Getting usable dates from Axes.get_xlim() in a pandas time series plot

I'm trying to get the xlimits of a plot as a python datetime object from a time series plot created with pandas. Using ax.get_xlim() returns the axis limits as a numpy.float64, and I can't figure out how to convert the numbers to a usable datetime.
import pandas
from matplotlib import dates
import matplotlib.pyplot as plt
from datetime import datetime
from numpy.random import randn
ts = pandas.Series(randn(10000), index=pandas.date_range('1/1/2000',
periods=10000, freq='H'))
ts.plot()
ax = plt.gca()
ax.set_xlim(datetime(2000,1,1))
d1, d2 = ax.get_xlim()
print "%s(%s) to %s(%s)" % (d1, type(d1), d2, type(d2))
print "Using matplotlib: %s" % dates.num2date(d1)
print "Using datetime: %s" % datetime.fromtimestamp(d1)
which returns:
262968.0 (<type 'numpy.float64'>) to 272967.0 (<type 'numpy.float64'>)

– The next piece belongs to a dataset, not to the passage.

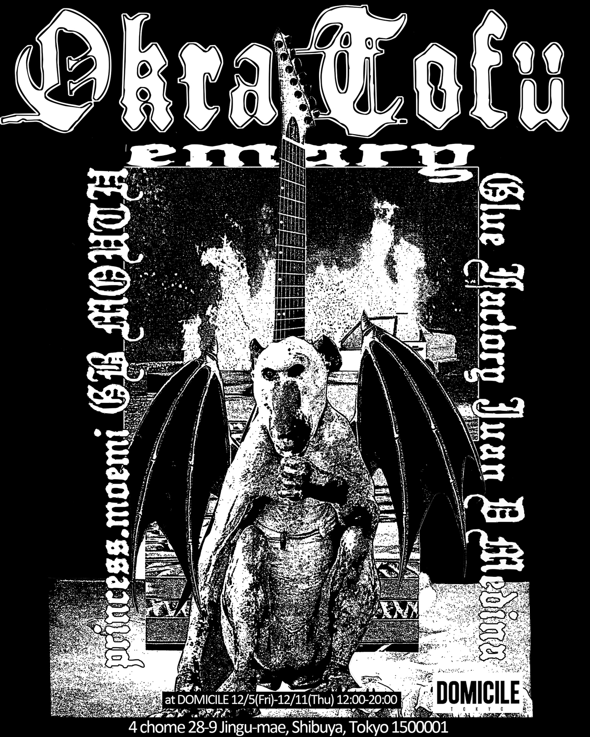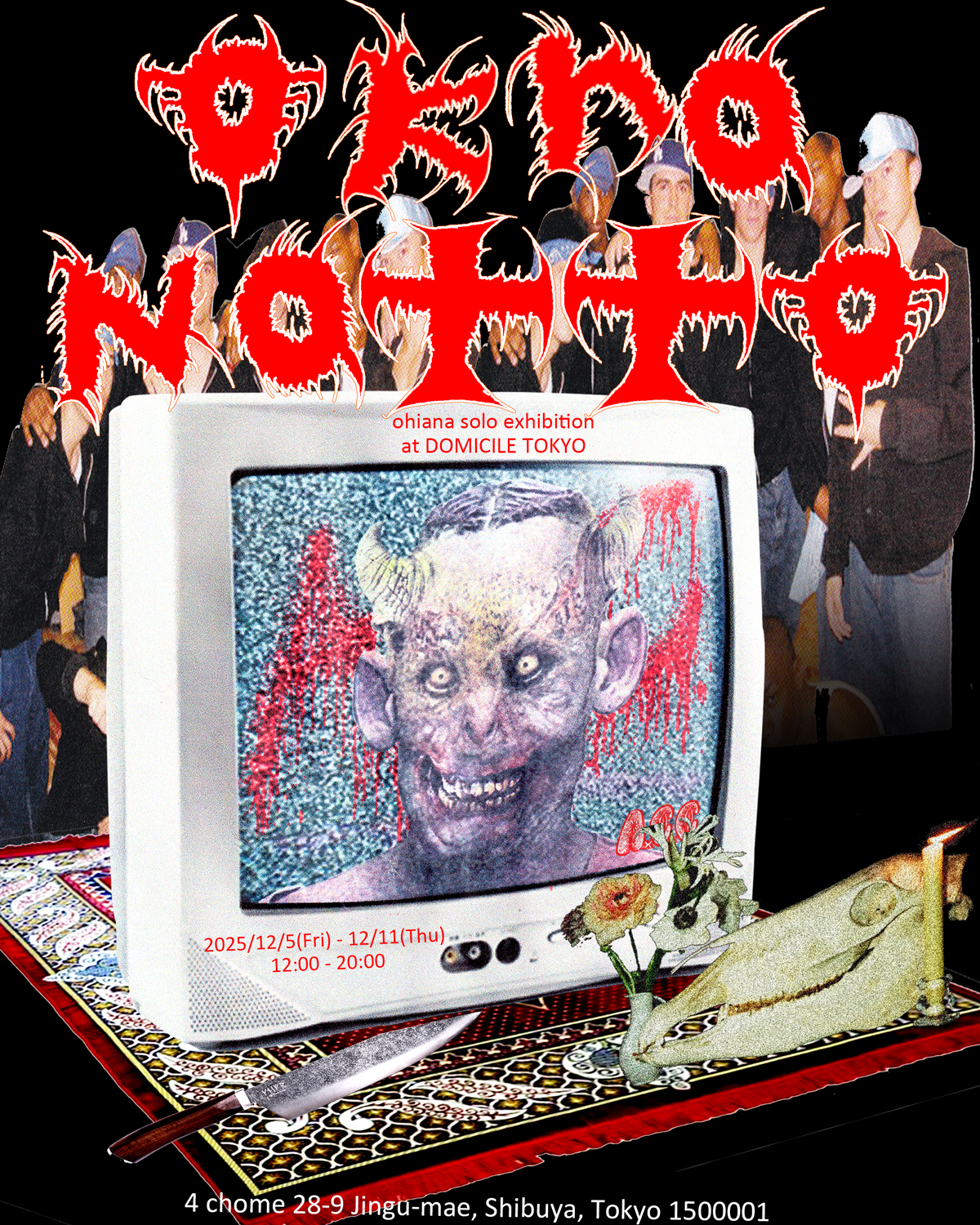 2022年に大阪・谷町 POLにて開催した「Burn to shine」以来約3年ぶり、DOMICILE TOKYOでは初個展「Lucha solitaria」以来約4年ぶりの個展となる「Okura Natto」では、コラージュを中心に布、A2サイズの平面、大型作品などを展示。初日に実施されるオープニング・レセプションでは、島田辰哉 aka SIMAXOXによるライヴ・パフォーマンス、NIGELTHREETIMES、BIG-K(DMB PRODUCTION)のDJが予定されています。

Using matplotlib: 0720-12-25 00:00:00+00:00
Using datetime: 1970-01-03 19:02:48
According to the pandas timeseries docs, pandas uses the numpy.datetime64 dtype. I'm using pandas version '0.9.0'.
I am using get_xlim() instead directly accessing the pandas series because I am using the xlim_changed callback to do other things when the user moves around in the plot area.
Hack to get usable values
For the above example, the limits are returned in hours since the Epoch. So I can convert to seconds since the Epoch and use time.gmtime() to get somewhere usable, but this still doesn't feel right.
In [66]: d1, d2 = ax.get_xlim()
In [67]: time.gmtime(d1*60*60)
Out[67]: time.struct_time(tm_year=2000, tm_mon=1, tm_mday=1, tm_hour=0, tm_min=0, tm_sec=0, tm_wday=5, tm_yday=1, tm_isdst=0)
The current behavior of matplotlib.dates:
datetime objects are converted to floating point numbers which represent time in days since 0001-01-01 UTC, plus 1. For example, 0001-01-01, 06:00 is 1.25, not 0.25. The helper functions date2num(), num2date() and drange() are used to facilitate easy conversion to and from datetime and numeric ranges.
pandas.tseries.converter.PandasAutoDateFormatter() seems to build on this, so:
x = pandas.date_range(start='01/01/2000', end='01/02/2000')
plt.plot(x, x)
matplotlib.dates.num2date(plt.gca().get_xlim()[0])
gives:
datetime.datetime(2000, 1, 1, 0, 0, tzinfo=<matplotlib.dates._UTC object at 0x7ff73a60f290>)
# First convert to pandas Period
period = pandas.tseries.period.Period(ordinal=int(d1), freq=ax.freq)
# Then convert to pandas timestamp
ts = period.to_timestamp()
# Then convert to date object
dt = ts.to_datetime()